======== RECORDS SHOWN
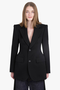 Balenciaga's 'Hourglass' blazer is named for its sculptural silhouette, which became one of the founder's most iconic signatures. It's expertly tailored from wool and fastens with two buttons at the single-breasted front. Fabrication: 100% Wool Size and Fit Nikita: Model is 174cm/5’7” and is wearing a size FR34 Model Measurements: Bust: 30cm, Waist: 26.5cm, Hips 34cm French Sizing Measurements Size FR34: Bust 80cm, Waist 62cm, Hip 86cm, Length 76cm Size FR36: Bust 83cm, Waist 65cm, Hip 89cm, Length 76cm Size FR38: Bust 86cm, Waist 68cm, Hip 92cm, Length 76cm Size FR40: Bust 89cm, Waist 71cm, Hip 95cm, Length 76cm Size FR42: Bust 92cm, Waist 74cm, Hip 98cm, Length 76cm Size FR44: Bust 93cm, Waist 77cm, Hip 73cm, Length 76cm
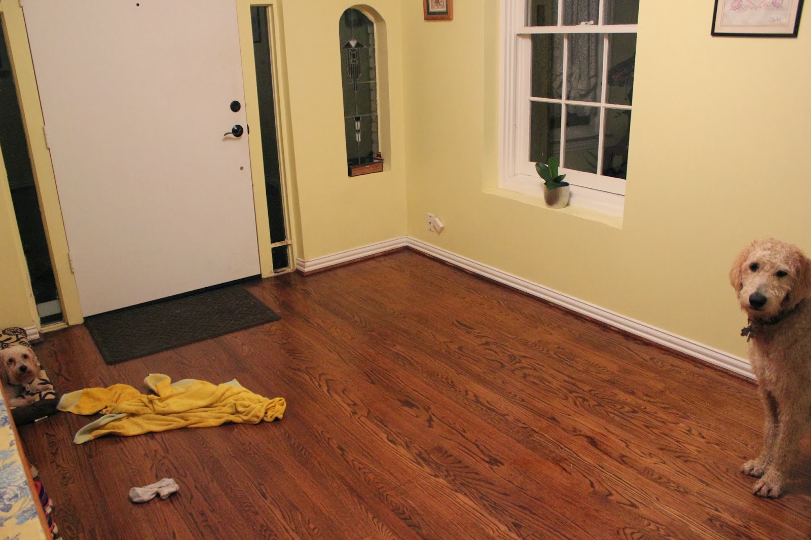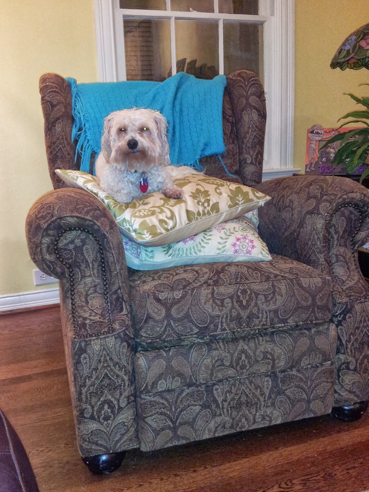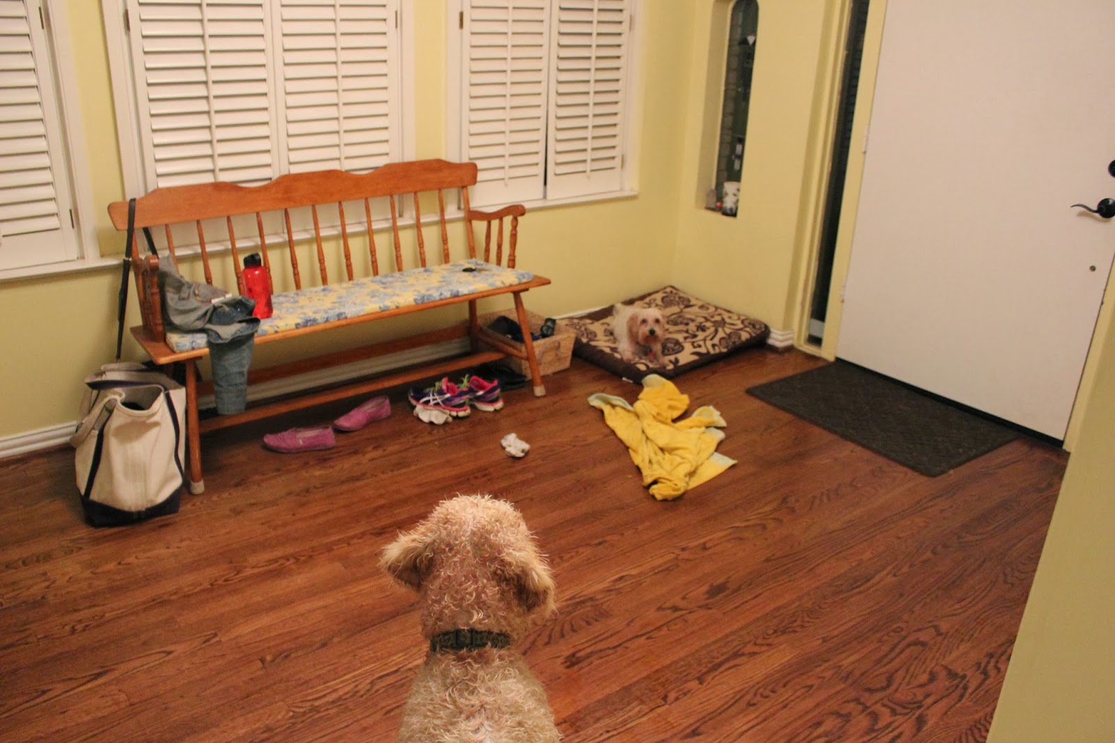 Once back in our warm, cozy home, I thought we would all cuddle up and relax for the remainder of the evening, but, sadly no, all thanks to our goldendoodle. A big problem arose when Dusty Dog set up camp on Milt Dog's bed immediately upon return. All day long, prior to his, Dusty had laid on Milton's bed, and not once did Milton bat an eye. Tonight, quite possibly due to his wet condition, Milton had enough of Dusty's selfish tendencies! Milt preceded to bark at Dusty from the doorway of the foyer, again and again and again. He was relentless. At first I thought that our boy simply wanted Dusty to get up and play, so I let it persist. When Dusty did jump up to bark at Milt and shoo him away, much spirited chasing around our coffee table ensued and a bit of nipping and snarling as well. Subsequently, Milton received a timeout in the bathroom with all the lights off.
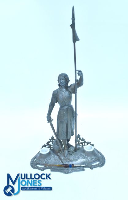 Rare Spelter French Desk Inkwell of a detailed Joan of Arc with original ceramic ink pots comes with a glass and 800 silver pen 55 x 30cm
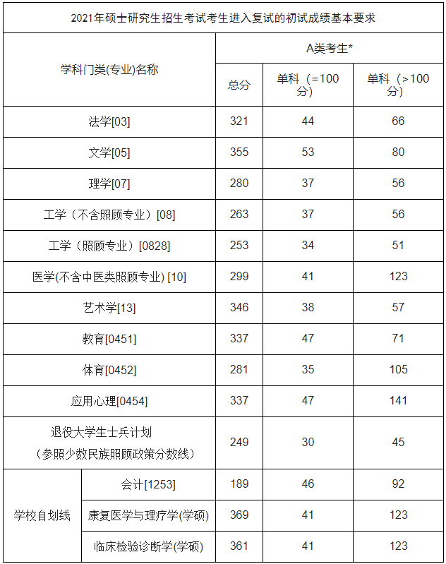 2021年我校擬招生1000人(含退役大學生士兵計劃7人),具體招生人數(shù)以國家下達招生計劃為準。各招生學科復試分數(shù)線不得低于國家復試合格線A類線,可以提高復試分數(shù)線:
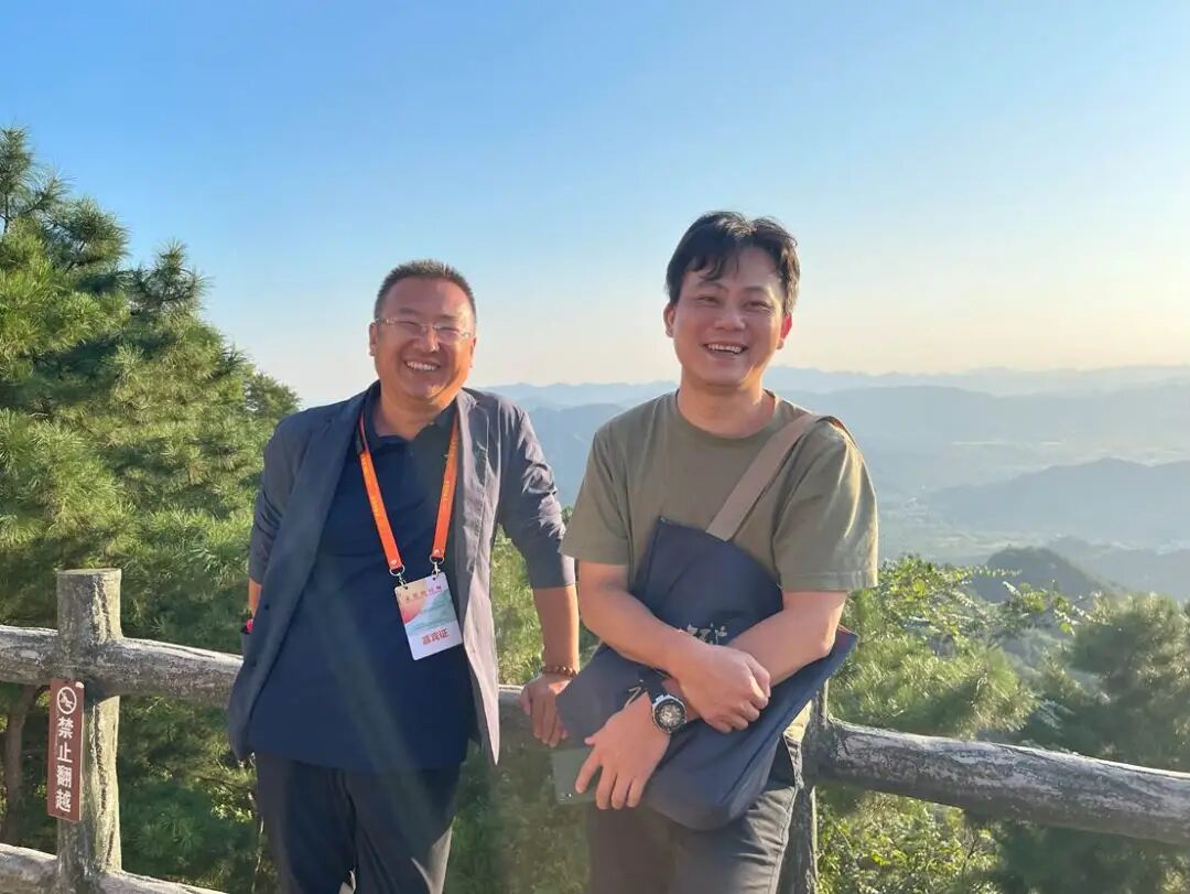長城的背后,是一望無際的燕山山脈。中國詩人孔令劍、林森合影。尹超 攝。
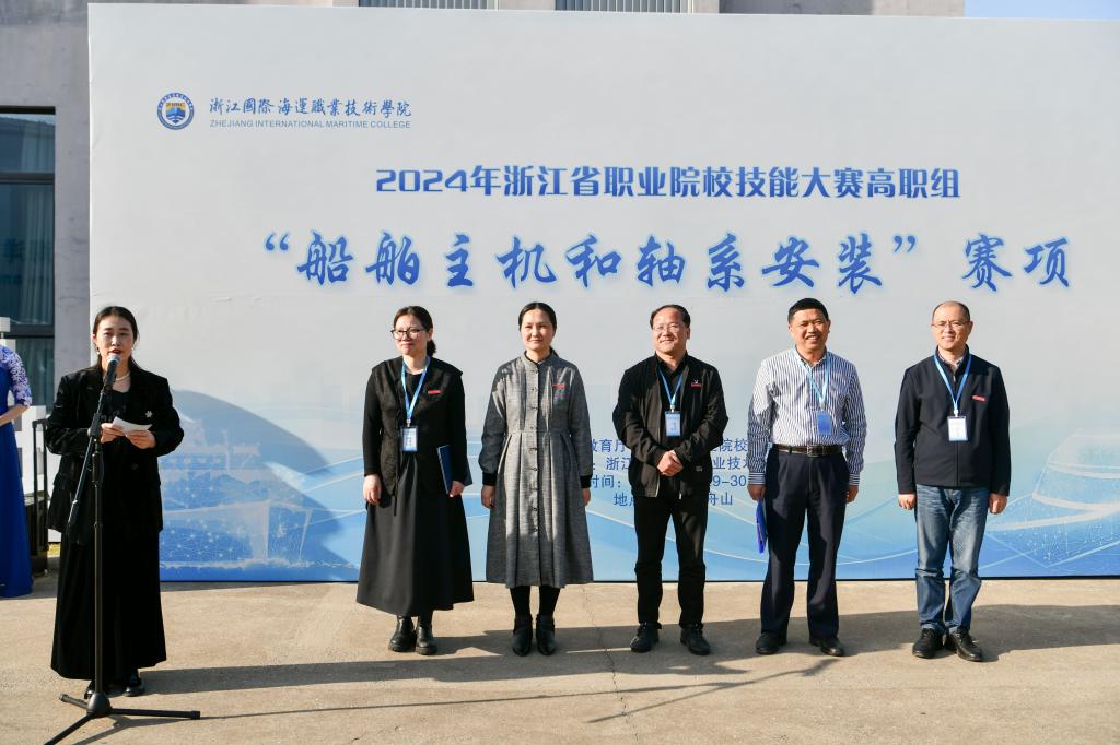 3月29日,2024年浙江省职业院校技能大赛“船舶主机和轴系安装”赛项开幕式在我校国际海员培训楼一楼小广场举行。赛项专家、仲裁长浙江海事局船员考试中心调研员任德夫,校党委副书记孔志光,教务处处长郑燕华,海洋装备工程学院党总支书记罗秀峰、副院长何琪等出席开幕式。开幕式由教务处副处长郭娟主持。
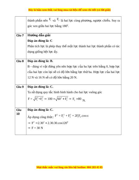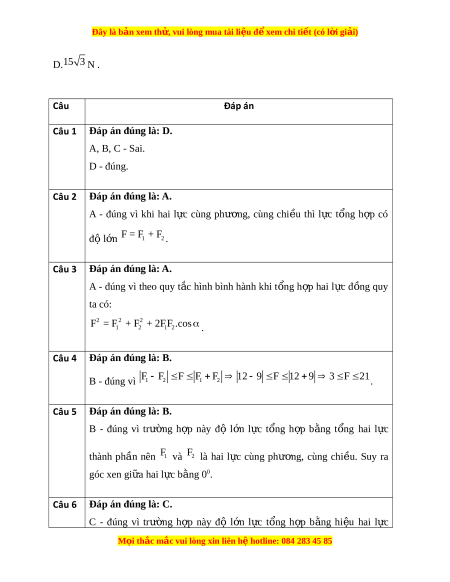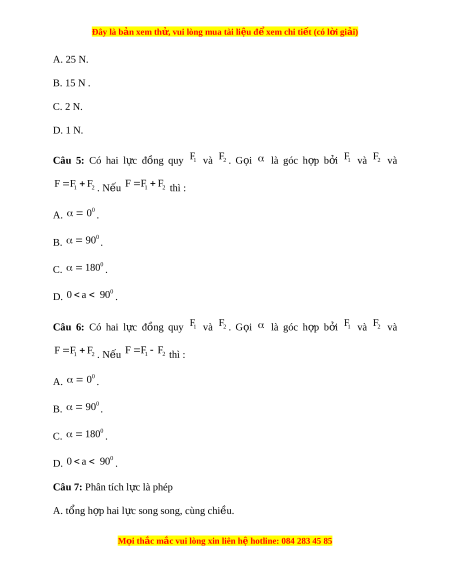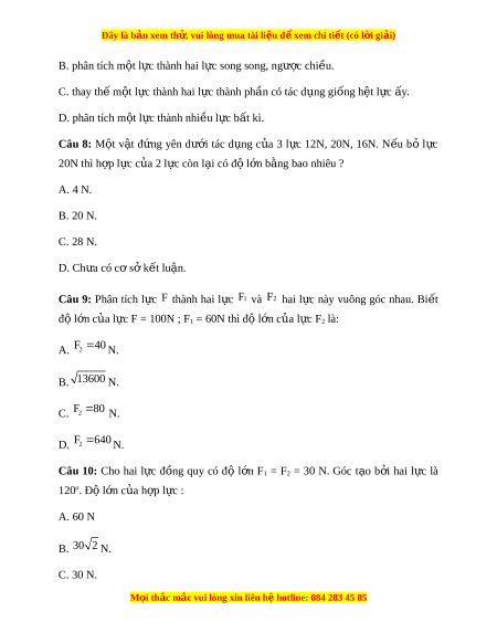 Đây là bản xem th , vu ử i lòng mua tài li u ệ đ xe ể m chi ti t (c ế ó l i ờ gi i ả ) B. phân tích m t ộ l c t ự hành hai l c ự song song, ngư c chi ợ u. ề C. thay th m ế t ộ l c t ự hành hai l c ự thành ph n có ầ tác d ng gi ụ ng h ố t ệ l c ự y ấ . D. phân tích m t ộ l c t ự hành nhi u l ề c b ự t ấ kì. Câu 8: M t ộ v t ậ đ ng ứ yên dư i ớ tác d ng ụ c a ủ 3 l c ự 12N, 20N, 16N. N u ế b ỏ l c ự 20N thì h p l ợ c ự c a 2 l ủ c còn ự l i ạ có đ l ộ n ớ b ng bao nhi ằ êu ? A. 4 N. B. 20 N. C. 28 N. D. Chưa có cơ s k ở t ế lu n. ậ Câu 9: Phân tích l c ự F thành hai l c ự 1 F và F2 hai l c
================
Copy the final stretch of lines, starting at the one that holds "Rare Spelter French" and ending at the last line of the data, exactly; omit pictures.

 Rare Spelter French Desk Inkwell of a detailed Joan of Arc with original ceramic ink pots comes with a glass and 800 silver pen 55 x 30cm
 2021年我校擬招生1000人(含退役大學生士兵計劃7人),具體招生人數(shù)以國家下達招生計劃為準。各招生學科復試分數(shù)線不得低于國家復試合格線A類線,可以提高復試分數(shù)線:
長城的背后,是一望無際的燕山山脈。中國詩人孔令劍、林森合影。尹超 攝。
 3月29日,2024年浙江省职业院校技能大赛“船舶主机和轴系安装”赛项开幕式在我校国际海员培训楼一楼小广场举行。赛项专家、仲裁长浙江海事局船员考试中心调研员任德夫,校党委副书记孔志光,教务处处长郑燕华,海洋装备工程学院党总支书记罗秀峰、副院长何琪等出席开幕式。开幕式由教务处副处长郭娟主持。
 Đây là bản xem th , vu ử i lòng mua tài li u ệ đ xe ể m chi ti t (c ế ó l i ờ gi i ả ) B. phân tích m t ộ l c t ự hành hai l c ự song song, ngư c chi ợ u. ề C. thay th m ế t ộ l c t ự hành hai l c ự thành ph n có ầ tác d ng gi ụ ng h ố t ệ l c ự y ấ . D. phân tích m t ộ l c t ự hành nhi u l ề c b ự t ấ kì. Câu 8: M t ộ v t ậ đ ng ứ yên dư i ớ tác d ng ụ c a ủ 3 l c ự 12N, 20N, 16N. N u ế b ỏ l c ự 20N thì h p l ợ c ự c a 2 l ủ c còn ự l i ạ có đ l ộ n ớ b ng bao nhi ằ êu ? A. 4 N. B. 20 N. C. 28 N. D. Chưa có cơ s k ở t ế lu n. ậ Câu 9: Phân tích l c ự F thành hai l c ự 1 F và F2 hai l c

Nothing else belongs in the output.